Ou comment user de tous les ressorts pour préserver de bonnes conditions éducatives dans une commune que monsieur le maire qualifie « d’attractive », à même pas dix kilomètres d’Albi. « Depuis près d’une décennie, on gagne en moyenne une cinquantaine d’habitants », confie Jean-Marc Farré, qui tient à rappeler que l’école Carcenac, ouverte à la fin des années 1960, a fait l’objet d’importants travaux de rénovation récemment.
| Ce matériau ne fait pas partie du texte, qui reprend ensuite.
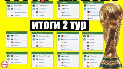 Отбор к ЧМ 2026 в Европе. Итоги 2 тура. Результаты, таблица, расписание.
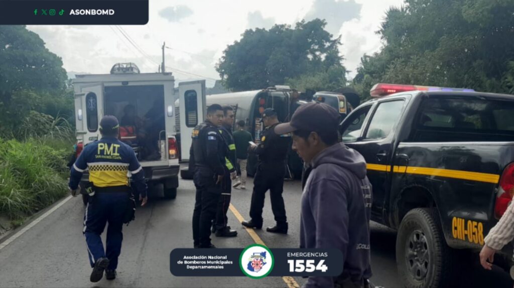 En el ingreso a San Andrés Itzapa, Chimaltenango, bus volcó sobre la cinta asfáltica de la ruta Interamericana CA-1 Occidente en el sector conocido como «El Chalet» a pocos kilómetros de llegar a su destino.
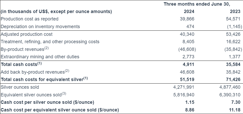 (3) Equivalent silver ounces sold have been calculated using realized prices to translate gold, lead and zinc to “equivalent” silver ounces sold (metal quantity, multiplied by metal price, divided by silver price). Three months ended June 30, 2024 realized prices: $30.17/oz silver, $2,379.85/oz gold, $0.99/lb lead and $1.33/lb zinc (three months ended June 30, 2023 realized prices: $23.69/oz silver, $1,957.47/oz gold, $0.94/lb lead and $1.07/lb).
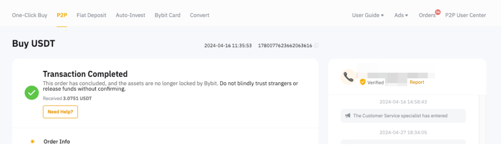 b. If the seller fails to release the coins after 10 minutes, you can submit an appeal by clicking on the Need Help button to get assistance. For more detailed information about appeal guidelines, please refer to this article. Our customer support team will assist you in the Order Chat Box. During this period, please do not cancel the order unless you've received a refund from your seller.
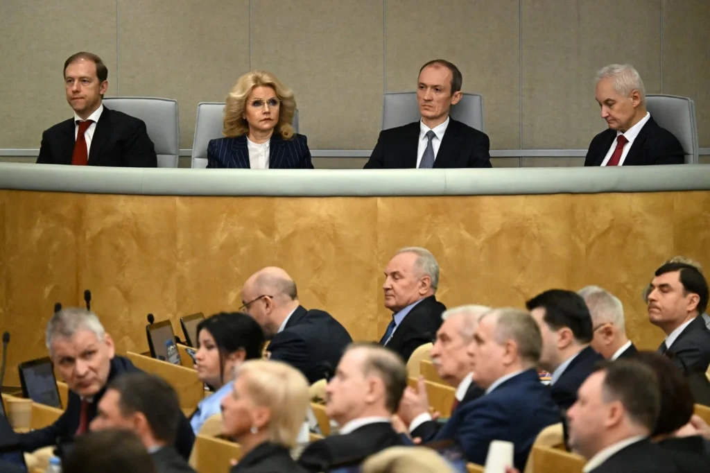Руководитель Аппарата Правительства РФ Дмитрий Григоренко (второй справа в верхнем ряду) во время пленарного заседания Государственной Думы России в Москве, 3 апреля 2024. Фото: Profimedia.
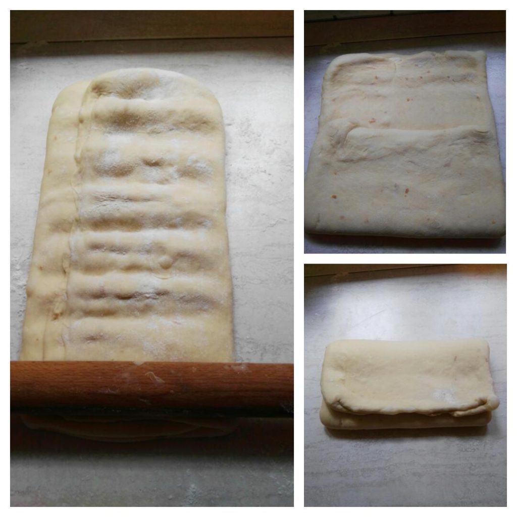 Depois disso, estenda a massa e repita a última série de dobras. Atenção ao abrir a massa para não rasgar as camadas que se formaram.
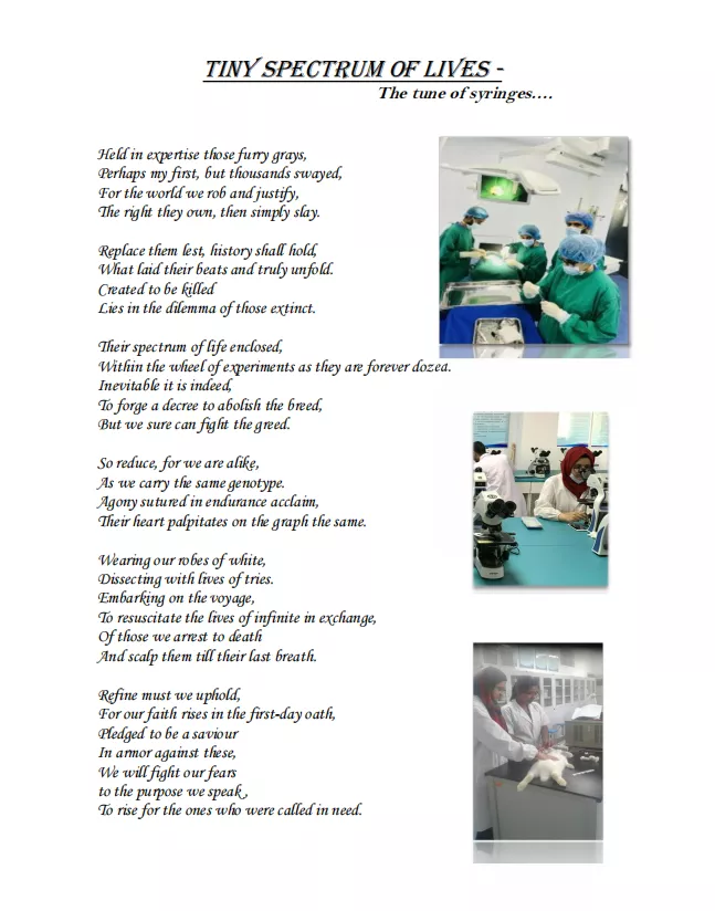 今年活动征稿作品除了诗歌类,还增加了漫画类。活动一经开展,就受到各学院学生的广泛关注和积极参与,一个月的时间共收到124份参赛作品,其中是诗歌类106份,漫画类18份。同学们在自己的诗歌作品中用凝练的语言、充沛的情感图文并茂地抒发对实验动物作用的认识和感受,对动物医学伦理原则的认知和理解;还有的用色彩丰富、构图精美、通俗易懂的漫画宣传展示实验动物伦理知识、人与实验动物及自然和谐共生等。比赛特别邀请了学校不同专业背景的专家教授担任评委,经综合评审,评选了一二三等奖及优秀奖。每类前5名获奖作品由学校推送继续参加中国病理生理学会主办的“我与实验动物的故事”征文活动。

Montant total de l’opération : 1,3 M€.

« Certes, on a été bien subventionnés par les pouvoirs publics, mais perdre une classe alors qu’on a inauguré ce nouvel ensemble à la rentrée 2025, c’est dur », insiste l’élu, pour qui la suppression d’un poste constituerait un mauvais signal alors que la municipalité doit désormais se pencher sur le rafraîchissement de la maternelle. « Certains administrés se demandent à quoi bon si, dans le même temps, on perd des postes », lance-t-il, depuis une salle de classe.

Ces multiples cris du coeur ont fini par être entendus puisque jeudi soir, après une nouvelle réunion du Conseil départemental de l’éducation nationale (CDEN), il a été décidé de ne pas supprimer de poste à Arthès. « Un soulagement et une satisfaction pour l’avenir de nos enfants », conclut Célia.